Michael Scaturro 

Is it really so smart to make your finances an open book?

Personal finance apps can make it easier to keep track of your money. Many boast of being 'free'… but there's a price to pay in terms of privacy, writes Michael Scaturro
  
  

Smartphone apps put your finances at your fingertips.
Smartphone apps put your finances at your fingertips. Photograph: Unknown/PR

American billionaire oil magnate J Paul Getty once said, "If you can count your money, you don't have a billion dollars." Yet even for us non-billionaires, keeping a handle on how much cash we have can be difficult. Keeping a record on paper or on a spreadsheet and manually noting every single purchase and expenditure is time consuming. Some banks offer fancy online visualisations of your current account. Others will send you text reminders when your funds drop below a specified level. But when you hold accounts at different banks – not to mention credit cards, store cards and all the rest – the usefulness of these services pales.

You might be pleased to hear that this situation is beginning to change. It is becoming possible for users to see – in real time, on one screen – all their account data at different financial institutions. The formal name for this service is "account aggregation". It's been around in the US for nearly a decade but is now making a splash in the UK thanks to a plethora of new – and often free – apps for iPhone and Android devices. The apps aim to help you answer basic questions about your finances — Am I overspending at Waitrose? Do I need to cut back on eating out? Has joining Amazon Prime been a false economy?

Besides providing useful insights, the free apps are easy to set up – just enter your online banking credentials and you're done. But there's no such thing as a free lunch, and this may explain why they're not catching on as quickly as they might. A look at the most popular UK smartphone banking apps reveals that while all seek to collect large amounts of financial data on their users, not all companies treat your data the same way. While some app providers earn money by charging you to use their services, "free" app providers earn money by essentially selling your data.

Britain's most popular personal finance app is OnTrees. The free iPhone app aggregates credit card, loan, billing and current account data to show users how they are spending their money. Money Dashboard is another free app offering a similar service. Both apps – like nearly all UK banking apps – run on a US-based platform called Yodlee, a major data-cloud service provider to global banks. It also sells data feeds of UK bank customers to UK app startups that hope to make money by selling insights into your spending habits.

But not all UK banks use Yodlee, and if that's the case the apps will ask you for your bank account log-in details and pass this data on to Yodlee, which will collect (or "scrape," in industry parlance) account information from your online banking platform, then save it on Yodlee's servers. Yodlee's data – both the direct bank feeds and its screen scrapes – are updated many times a day, and may even be real-time in some cases.

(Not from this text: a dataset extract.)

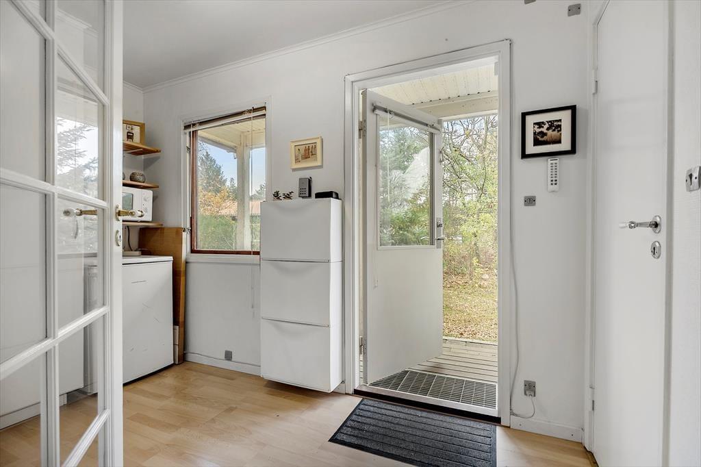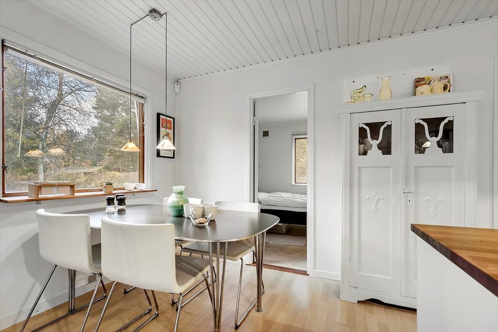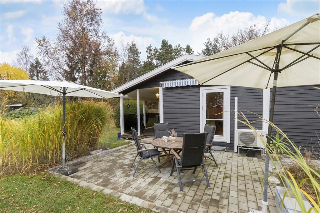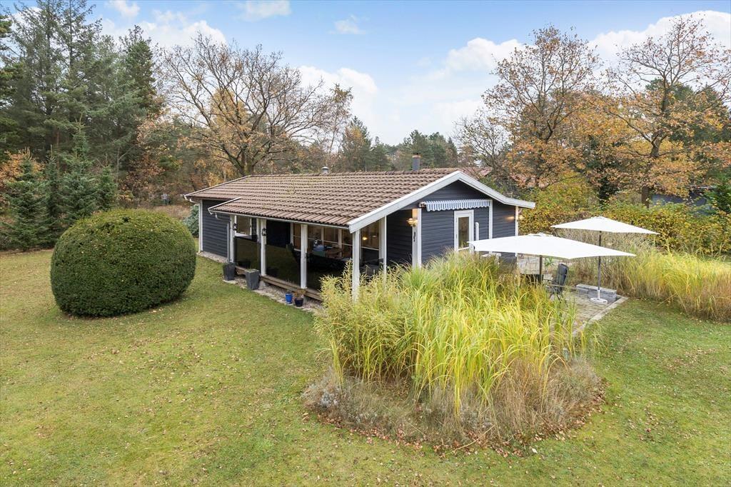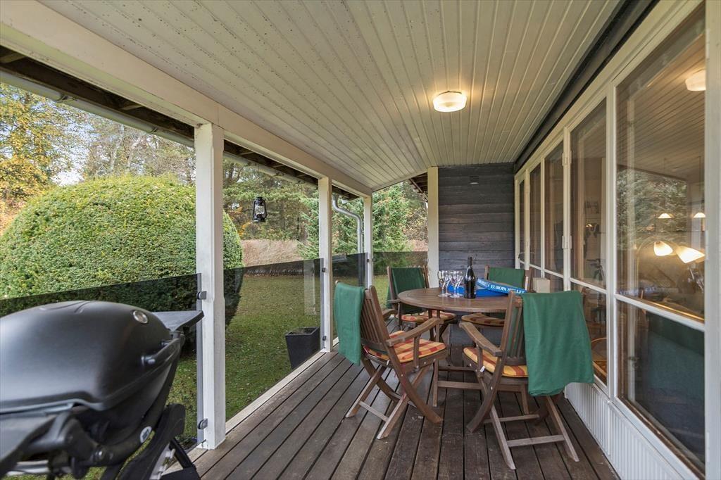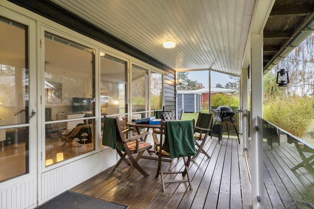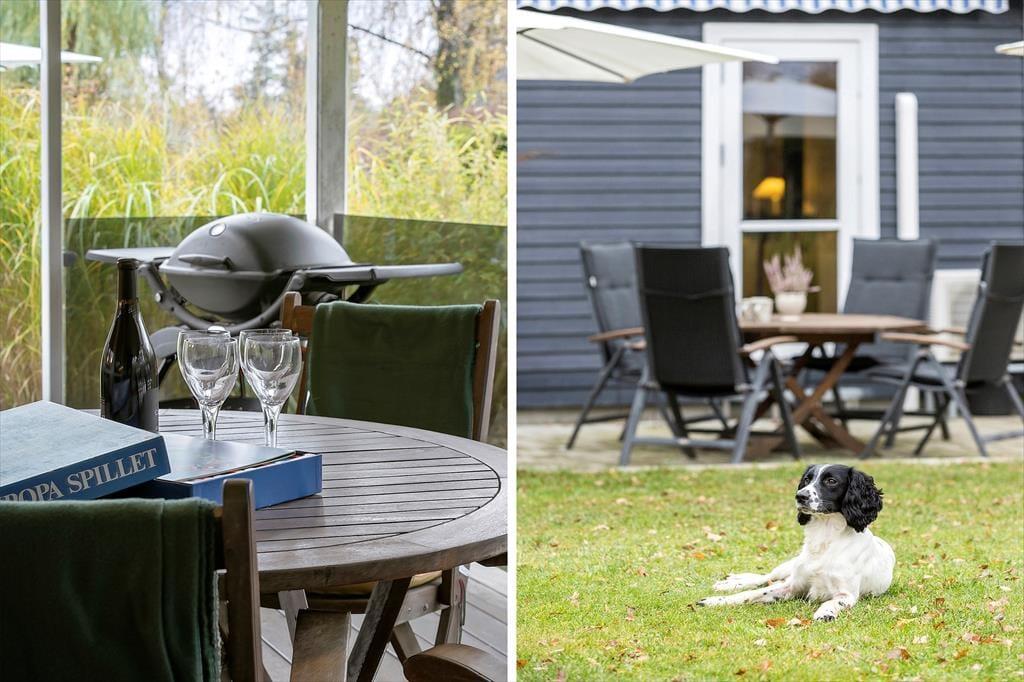 Livet leves også skønt udenfor, hvor haven byder på rig mulighed for at nyde solen, slappe af og tage måltiderne under åben himmel. Om I slår jer ned i en liggestol med en bog eller kaster jer ud i boldspil på græsset, så er her masser af plads til leg og hyggelige stunder. Om aftenen kan I tænde op i grillen og lade jer forkæle af sommerens duftende måltider under skumringen. Her kan I trække jer helt tilbage og bare nyde stilheden og fuglesangen på svalegangen langs den ene side af huset, som er overdækket.

Yodlee feeds this to UK app providers such as OnTrees, which crunch the numbers and then send those impressive pie charts and graphs of your spending through the ether to your iPhone.

OnTrees says its free app has helped thousands reach their savings and spending goals. But if you think OnTrees and its ilk are altruistic financial fairy godmothers, think again. If you read the privacy policies of OnTrees or Money Dashboard, it's clear that in exchange for their free apps, you are granting them access to your personal financial data. Or, more precisely, a licence to monetise your data as they see fit.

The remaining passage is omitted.